Would you describe yourself as “creative?”
It seems to me that many people believe “creative” is synonymous with “artistic.” We often picture musicians in studios, painters with canvas, and writers in a coffee shop—not a neighbor’s alleyway garden, a co-worker’s color-coded calendar, or a satisfying sandwich of this week’s leftovers.
Perhaps one of the last places we think to look for creativity is in our schools, especially in the janitor’s closet. My Grandpa Mulder was not an artist; he was a farmer, a feed mill operator, and—by the time I came along—the custodian of the Christian high school I eventually attended. But I would argue that while Grandpa was not an artist in any traditional sense, he was incredibly creative.

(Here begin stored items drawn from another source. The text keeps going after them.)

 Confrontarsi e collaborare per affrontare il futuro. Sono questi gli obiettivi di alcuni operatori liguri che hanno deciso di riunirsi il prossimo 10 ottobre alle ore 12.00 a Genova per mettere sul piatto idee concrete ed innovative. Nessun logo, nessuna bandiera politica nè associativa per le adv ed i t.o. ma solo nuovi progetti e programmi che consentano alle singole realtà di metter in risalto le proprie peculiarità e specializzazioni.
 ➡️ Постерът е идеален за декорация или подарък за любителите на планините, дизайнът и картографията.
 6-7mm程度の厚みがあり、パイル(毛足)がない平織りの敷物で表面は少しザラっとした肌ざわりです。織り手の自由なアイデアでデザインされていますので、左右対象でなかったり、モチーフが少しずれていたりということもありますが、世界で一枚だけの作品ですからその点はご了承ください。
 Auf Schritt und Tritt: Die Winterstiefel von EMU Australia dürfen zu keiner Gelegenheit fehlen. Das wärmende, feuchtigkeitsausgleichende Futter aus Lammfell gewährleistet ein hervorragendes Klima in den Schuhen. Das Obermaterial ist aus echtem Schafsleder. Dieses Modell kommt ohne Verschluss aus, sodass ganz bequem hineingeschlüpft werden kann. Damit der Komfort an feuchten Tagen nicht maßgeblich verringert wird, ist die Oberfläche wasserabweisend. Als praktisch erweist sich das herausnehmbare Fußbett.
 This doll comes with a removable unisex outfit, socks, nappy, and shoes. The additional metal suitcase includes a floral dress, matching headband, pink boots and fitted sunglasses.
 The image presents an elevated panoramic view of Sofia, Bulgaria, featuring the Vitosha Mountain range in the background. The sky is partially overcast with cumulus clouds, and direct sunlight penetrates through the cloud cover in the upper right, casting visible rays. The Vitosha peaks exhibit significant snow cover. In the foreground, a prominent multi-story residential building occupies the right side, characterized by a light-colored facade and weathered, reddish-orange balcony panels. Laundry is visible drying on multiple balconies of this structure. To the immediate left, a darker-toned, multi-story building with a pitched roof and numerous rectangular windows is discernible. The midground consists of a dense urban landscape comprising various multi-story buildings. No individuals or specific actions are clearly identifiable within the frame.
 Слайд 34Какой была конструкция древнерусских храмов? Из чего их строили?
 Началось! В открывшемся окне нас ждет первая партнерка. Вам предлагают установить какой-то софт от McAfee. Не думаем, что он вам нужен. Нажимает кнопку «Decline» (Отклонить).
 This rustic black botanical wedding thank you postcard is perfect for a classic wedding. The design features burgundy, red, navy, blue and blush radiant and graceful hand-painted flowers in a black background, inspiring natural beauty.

Grandpa Mulder was the sort of man who could look at a problem, think for a minute, and come up with an innovative solution using whatever he had on hand at the moment. It wasn’t always beautiful, but it was functional—the things he innovated worked. And he could be so playful! It was the mid-1980s, and skater culture was huge in southern California where I grew up. Grandpa saw kids riding their boards around the school grounds and had an idea. Shortly thereafter, you would regularly see him efficiently zipping around campus on his own skateboard, with a garbage can in each of his huge hands. He saw a great idea, adapted it, and made it his own. The kids loved him, the teachers loved him, the administrators loved him—he was a positive presence around school who took great joy and delight in his work. And on his beat-up Ford Econoline van he had a bumper sticker that captured so much of this creative, playful philosophy; it read “I’ve done so much with so little for so long, now I can do anything with nothing!” A joke, of course, but it illustrates Grandpa’s capacity to innovate with anything he had at hand.
I am not a school custodian, but I like to think I have been able to apply a little of Grandpa Mulder’s wisdom to my own work in schools as a professional educator. Today, I have the pleasure of teaching people how to become teachers. This is, I think, the best—and perhaps strangest—job in the world. Do you think of teaching as a particularly creative line of work? Maybe it seems like mundane and straightforward work to you: follow the teacher’s guide, pass out some papers, give them a quiz, assign some homework, assign them a grade. How creative can it be?
Maybe you’re picturing the most creative parts of teaching as putting up bulletin boards, or making cutesy worksheets with pictures of clipart kids, or deciding which graphics to include in the slide decks to illustrate a lecture. Whether through our own classroom experiences or the way media has painted teaching, the profession may seem, at best, structured and not creative.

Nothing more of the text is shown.